Corporate bonds are issued through two main channels: public offerings and private placements. Public offerings are directed at a broad, unspecified group of investors, whereas private placements are limited to selected investors. Private placements are further categorised into three types based on the investor profile: up to 10 investors (PP-10), institutional investors (PP-II) and high-net-worth investors (PP-HNWI). Given their broader reach, public offerings are generally subject to more stringent regulatory requirements compared to private placements (detailed requirements and associated fees can be found in the Annex).
4.3.1. General requirements and admission for domestic issuers
A corporate issuer making a public offering must prepare a prospectus and registration statement in accordance with SEC regulations. The prospectus must contain disclosure of all material information such as a business description, financial statements and risk factors, as required by Sections 69-70 of the Securities and Exchange Act. The prospectus is reviewed by the SEC before approval and then becomes a public document for investors to review. However, a prospectus is not required for private placements involving fewer than 10 investors (PP-10). For other types of private placements, such as those offered to institutional investors (PP-II) or high-net-worth investors (PP-HNWI), a prospectus is still required (National Assembly of Thailand, 1992[5]; SEC Thailand, 2025[6]).

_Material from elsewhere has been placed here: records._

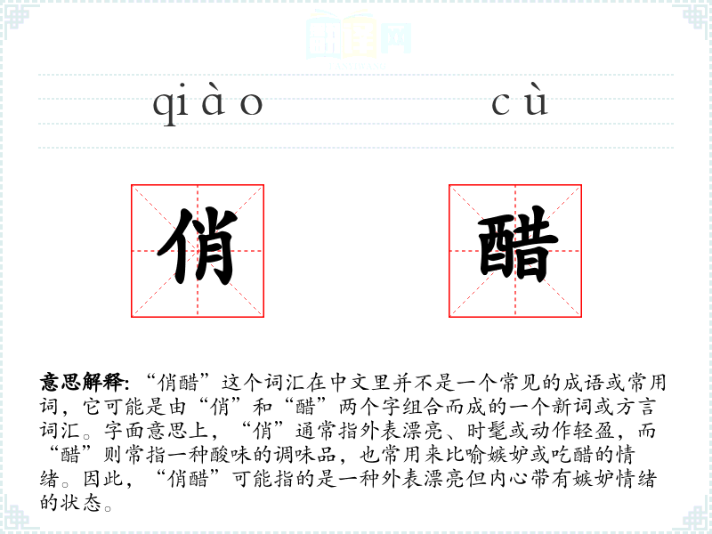 由于“俏醋”不是一个标准词汇,其词源和演变可能不明确。它可能是现代网络语言或方言中的一个创新词汇,用以形容一种特定的情感状态。
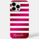 Skapa ett telefonfodral för elegantens personlig med ett shock rosa och vitt strimlat mönster. Shock rosa imiterar metalliskt yta. Med textmallen kan du enkelt anpassa telefonväskan med ditt namn.
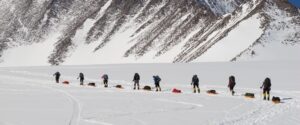 Climbers leave Vinson Base roped together in glacier travel mode, pulling sleds
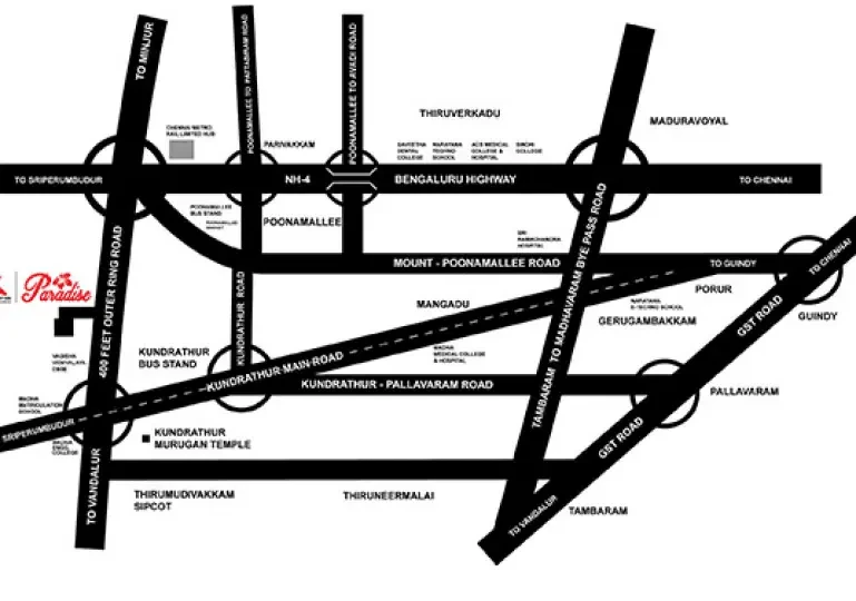 The VR Foundations Paradise project in Poonamallee, Chennai, offers premium plots and villas with the following specifications:Plot Sizes: Ranges from 733 to 1066 sqft. Price Range: Between 23.44 L - 34.2 L. Total Area: The project spans across 1 acre of land. Location: Near the upcoming Poonamallee metro station, with good connectivity to various amenities. Amenities: Includes a mini-clinic, physiotherapy room, and 24/7 ambulance service.
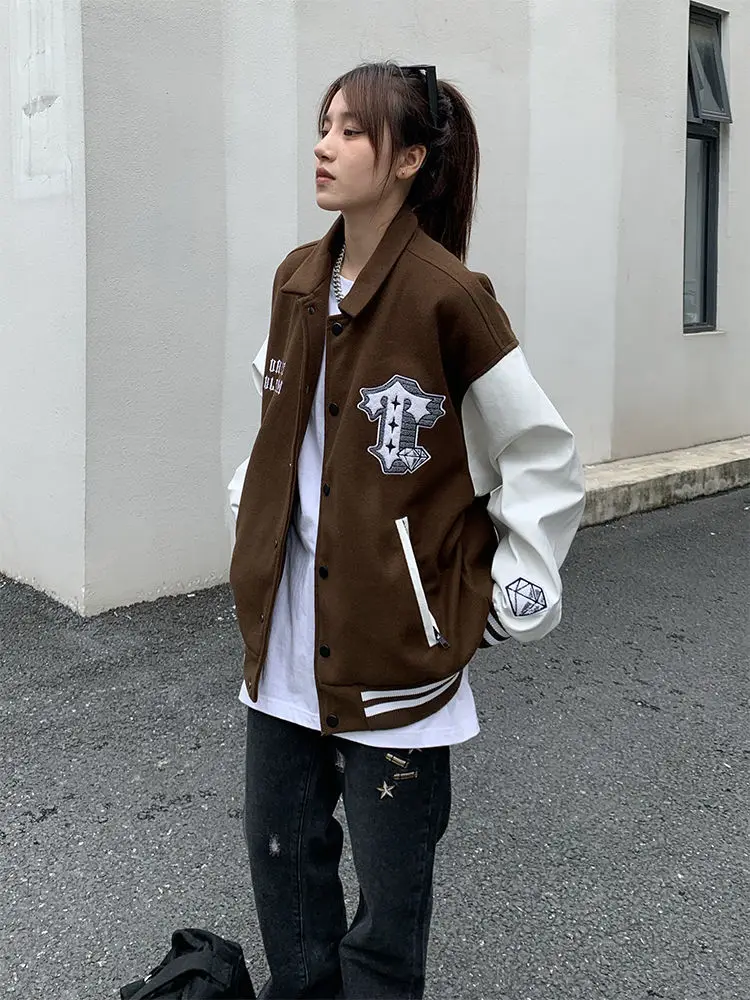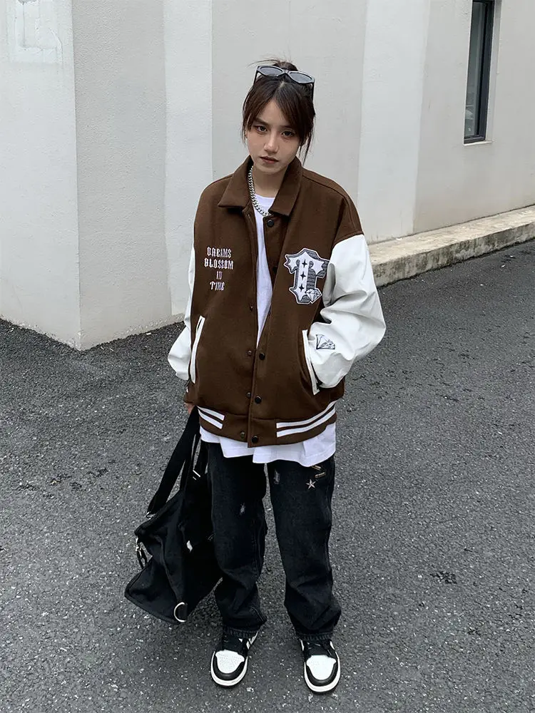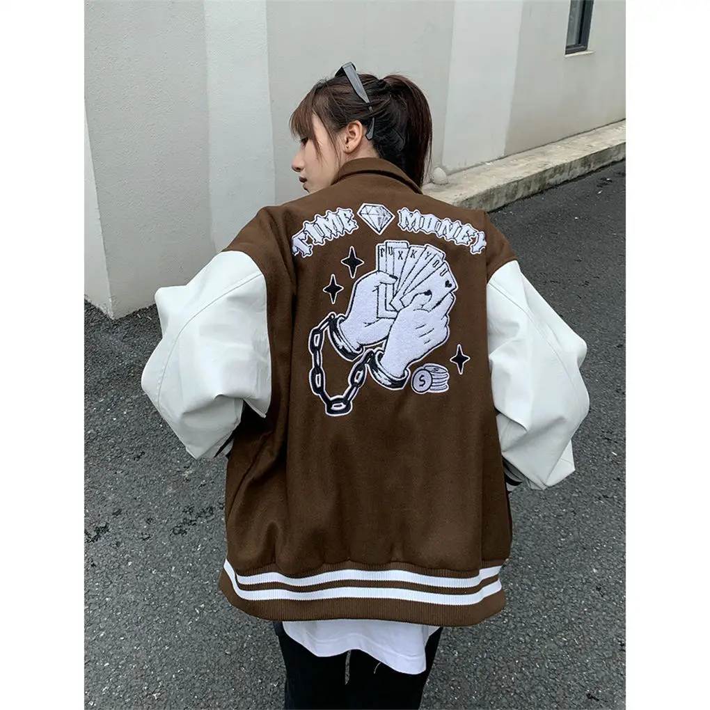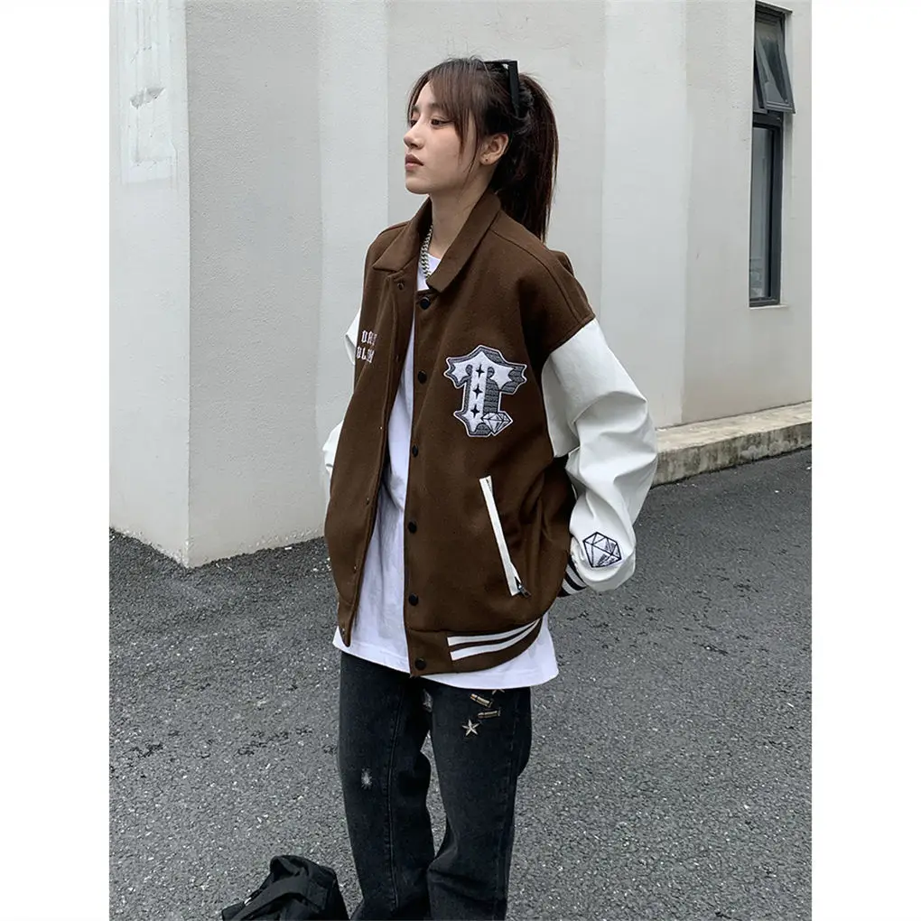 Уличная бейсбольная форма весна-осень, пальто и куртка для женщин, Свободный Топ в стиле хип-хоп, новинка 2021, винтажная кожаная строчка с вышивкой

In addition, a factsheet is required for public offerings and certain types of private placements. The factsheet, incorporated into the bond registration statement and prospectus, provides a concise summary of key information including company-specific risks and investment risk warnings. Typical items covered in the factsheet include: the issuer’s name and business description, the bond’s official name, issuance type (public offering or private placement), currency, issuance amount, face value per bond, interest rate and payment terms, maturity date and redemption method, presence of collateral or guarantees, bondholder representative (if any), use of proceeds, credit rating, investment risk summary and key financial highlights of the issuer. The format is prescribed by the SEC, and a sample can be found in documents published by ThaiBMA.

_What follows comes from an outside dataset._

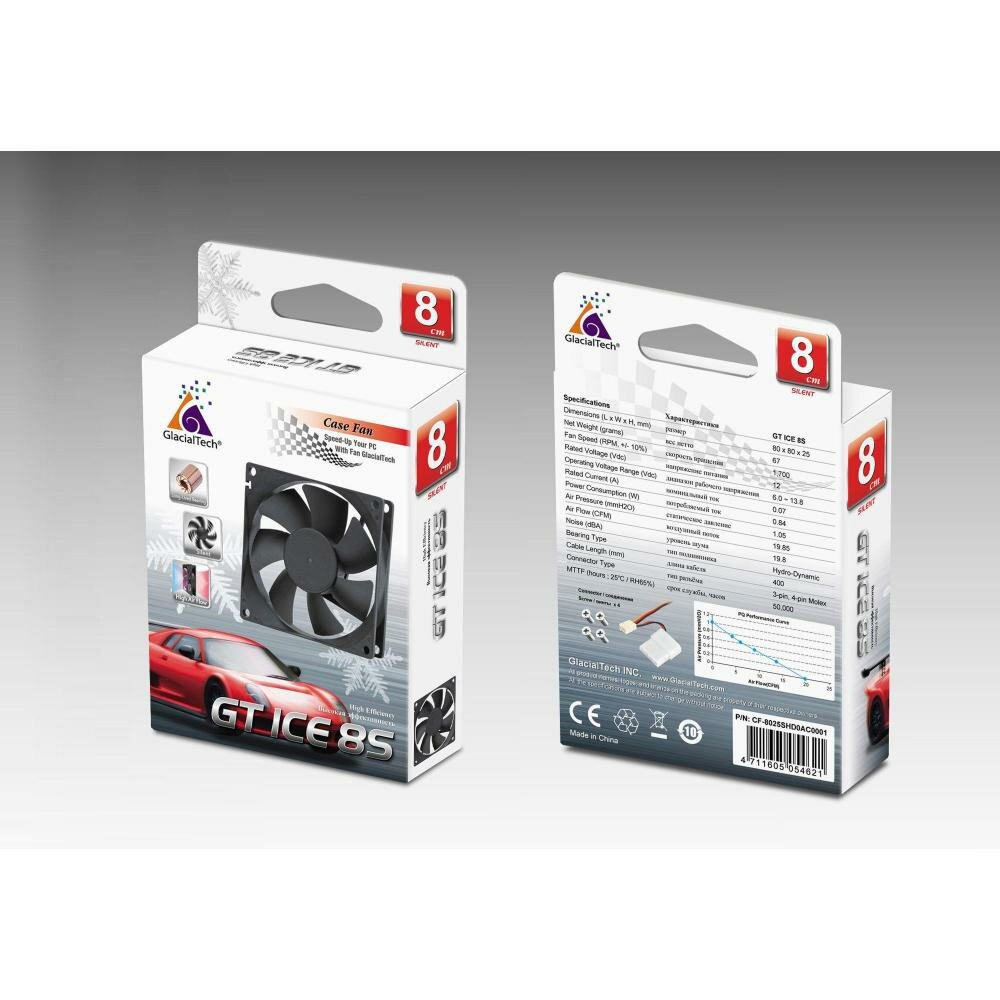 Вентилятор Glacialtech GT ICE 8S 80x80x25mm 3-pin 4-pin (Molex)20dB 67gr Ret CF-8025SHD0AC0001 .
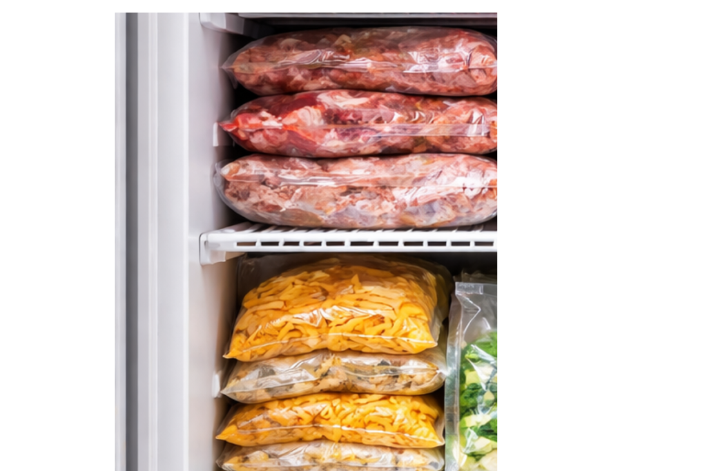 - The Result: Once frozen, these “bricks” of food can be stacked vertically like books on a shelf. This “filing cabinet” method allows you to see every meal at a glance and saves about 50% more space.

Domestic issuers are required to include financial statements as part of their disclosure. These must be prepared in accordance with Thai Financial Reporting Standards (TFRS), which are closely aligned with International Financial Reporting Standards (IFRS), and must be audited by an auditor approved by the SEC. For public offerings, issuers typically must submit three years of audited financial statements. Issuers of publicly offered bonds must file annual and quarterly financial reports, as well as material event disclosures, with the SEC.
Thailand mandates credit ratings for certain types of bond offerings. Public offerings of corporate bonds must obtain a credit rating from an SEC-approved credit rating agency. As of 2024, this includes two domestic agencies – TRIS Rating and Fitch Ratings (Thailand) – and five foreign agencies. Public offerings are required to have investment grade credit ratings. For private placements to institutional or high-net-worth investors (HNWI), a credit rating is not always legally required. However, many issuers still obtain a rating for PP-II or PP-HNWI offerings to improve investor confidence (ADB, 2016[7]).

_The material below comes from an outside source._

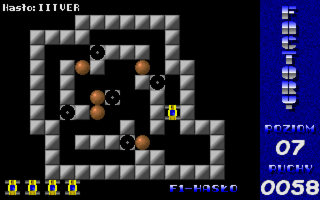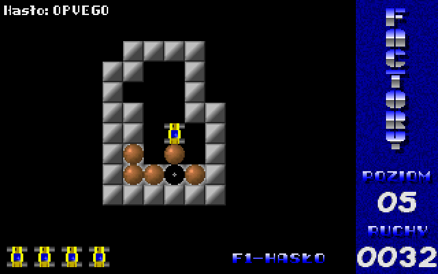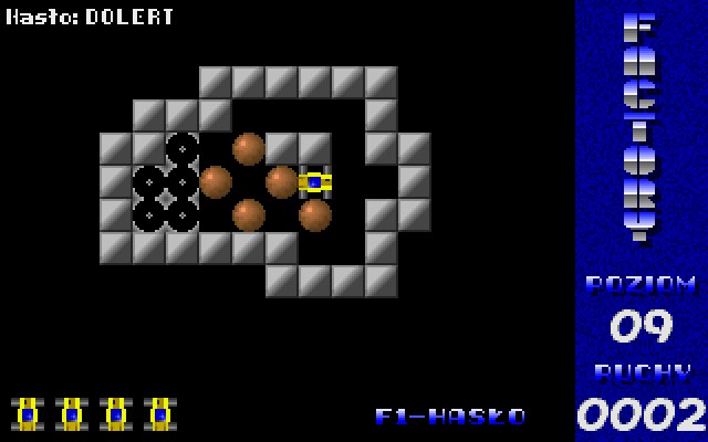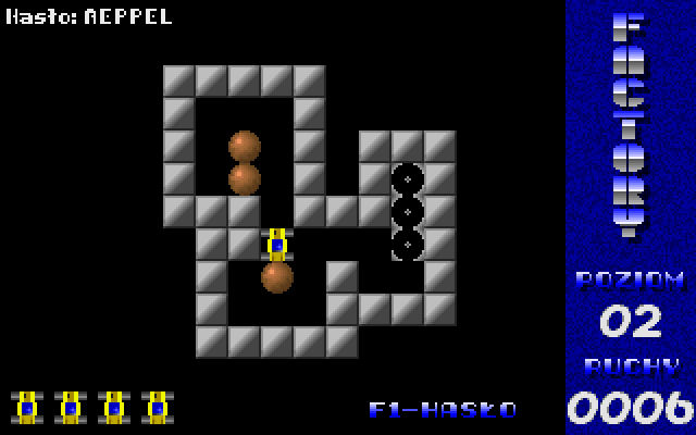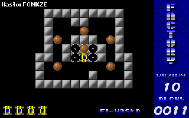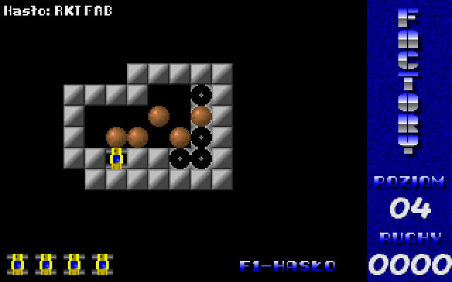 Factory was released as freeware by its author. The game is in Polish, but there's almost no text so that should not be a problem. Press F1 to enter a level password. There are 50 levels in the game.
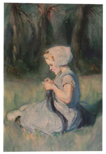 Girl Knitting in a Field by Wilhelmina Douglas Hawley

To ensure investor protection, the SEC requires the appointment of a bondholders’ representative (BHR) for secured bonds, public offerings and for those offered to HNWIs. The BHR is a trustee or agent that represents bondholders’ interests such as monitoring covenants and acting on default.
The Medium-Term Note (MTN) programme, introduced by the SEC in 2018, streamlines the serial issuance of debt securities for both public offerings and private placements targeting institutional and high-net-worth investors. Under this framework, issuers can raise capital over a two-year period through multiple tranches without undergoing the full approval process each time. The programme starts with the submission of Form 69-Base as a Prospectus, which provides comprehensive information on the programme’s structure, such as the types of debt securities, total issuance size, duration, standard terms and issuer details (SEC Thailand, 2021[8]). Once approved by the SEC, issuers can proceed with additional offerings through a simplified process (Lexology, 2021[9]).
Issuers must keep disclosures current throughout the programme. If there is a material change in the issuer’s business or financial condition, an updated registration using Form 69-Supplement is required. For each tranche, issuers must file Form 69-Pricing detailing terms such as interest rate, maturity and issuance amount along with a drawdown prospectus that complements the base prospectus by covering tranche-specific details. This layered disclosure approach ensures investors have access to both overall programme information and the key commercial terms of each issuance. A factsheet highlighting essential information such as rates and risks is also provided for each offering.
4.3.2. General requirements and admission for foreign issuers
Foreign companies can issue Thai baht-denominated bonds (“baht bonds”) in Thailand under a strengthened regulatory framework. Since 1 January 2024, the SEC has had sole authority to approve such offerings, removing the need for Ministry of Finance or Public Debt Management Office approval (Baker McKenzie, 2024[10]). Foreign issuers can now apply directly to the SEC, following a process similar to domestic issuers. Under the updated 2024 framework, the SEC enforces stricter criteria, including a mandatory international investment-grade credit rating, except for small private placements (PP-10) (SEC Thailand, 2024[11]).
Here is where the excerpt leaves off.